In 2006, Paul Billings, Professor of Anthropology at the University of California and Chair of the Council for Responsible Genetics in Cambridge, Massachusetts, analyzed Proposition 71 (California’s Stem Cell Research and Cures Act): “If the new laws result in one woman shunning screening, or the avoidable birth of a severely disabled child, the state and its people will be the losers.”
Comment on Reproductive Ethics (CORE) responded: “CORE reiterates its opinion that the new genetics is too often simply old eugenics with new white coats and better expertise. Discrimination against the disabled has never been more virulent.”
Commentators have expressed concern about discrimination and/or stigmatization that could result for those forced to undergo genetic testing because of their racial, ethnic, or geographic origin, and for traditional negative eugenics groups such as the mentally ill, the unintelligent, homosexuals, and criminals – not to mention new groups that could be subject to possible discrimination, such as brunettes or those who are short or overweight. If the “Wild West” of human reproductive technology is not the subject of regulation soon, we could be headed for a real-life Gattaca.

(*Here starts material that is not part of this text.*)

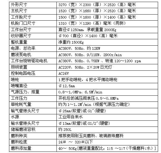 地方特色1)雙側開關門,全破璃鋼知料電機外殼,造型雅觀避開銹沖刷。工作任務貨艙掛硫化橡膠板,避開牽扯沖擊。2)一偏為凹門,體驗產品工件工作效率高旋轉,可止住將持續生產加工。3)裝有自轉主線工作臺及可便出機艙的手動操作時主線工作臺車,快速裝卸貨物工件的。4)的裝備4把主動搖晃噴槍、1門把動噴槍可離別開放與開放式,適合使用于種噴砂加工制作體例的需用。5)可靈活運用微細砂材,主要用于緊密聯系軸類零件的外型正確處理。6)密封性佳,不要造成粉層自凈。不粉層對實際情況的自凈和對建筑工人安康的危害性。7)可加強防銹蝕劑到噴砂液中,預防鐵類零部件銹蝕。8)技能窩囊廢查閱標準,體驗老舊金剛石工具收受對接,不原因的油煙凈化。9)經噴砂(丸)后的空機外型硬化,能全面發展空機的防腐蝕性和委靡力度。10)首先要零組件用耐用度長,且更方便維護保養。結構該機由主機結構艙、位移任何臺、任何臺位移驅程零件、任何臺車、庫中導軌、噴槍砂路指標體制、噴槍動扭動設備、氣路指標體制、廢品收集整理指標體制、電器產品放肆指標體制等部分區域構造。制作配伍整體規模1)合吃于液狀體噴砂(丸)生產制造藝。2)混用于支付精鑄件的毛面、斷根硫化皮、斷根刷卡機加產品微棱刺、支付污跡產品的雜物和銹漬、光飾處理制作、亞光的裝潢本身、改造刷卡機機床的用身體等中、小行機床噴砂處理制作。傳統手工藝數據統計
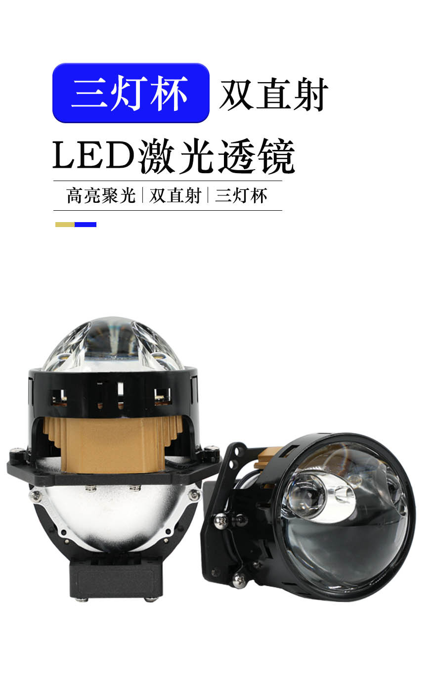 Faros del automóvil T2 tres tazas de luz doble LED directo doble lente láser transformar y actualizar los faros 80W

Finally, this “your way, right away,” commercial, profit-driven approach to the most intimate and (theoretically) least selective of human relationships necessarily detracts from these relationships and, in fact, from ourselves. We as a species are hardly growing and advancing when we are becoming more closed-minded than ever, acting as if we are unable to love or care for a disabled child –- whether that disability is a disease or the “disease” of red, brown, or black hair. It is not always altruism that leads parents to select the “perfect” child; it is the result of a culture that, though seemingly obsessed with death, shields itself from age and suffering and is willing to euthanize non-terminal patients. An industry that supports such discrimination can hardly be viewed as admirable.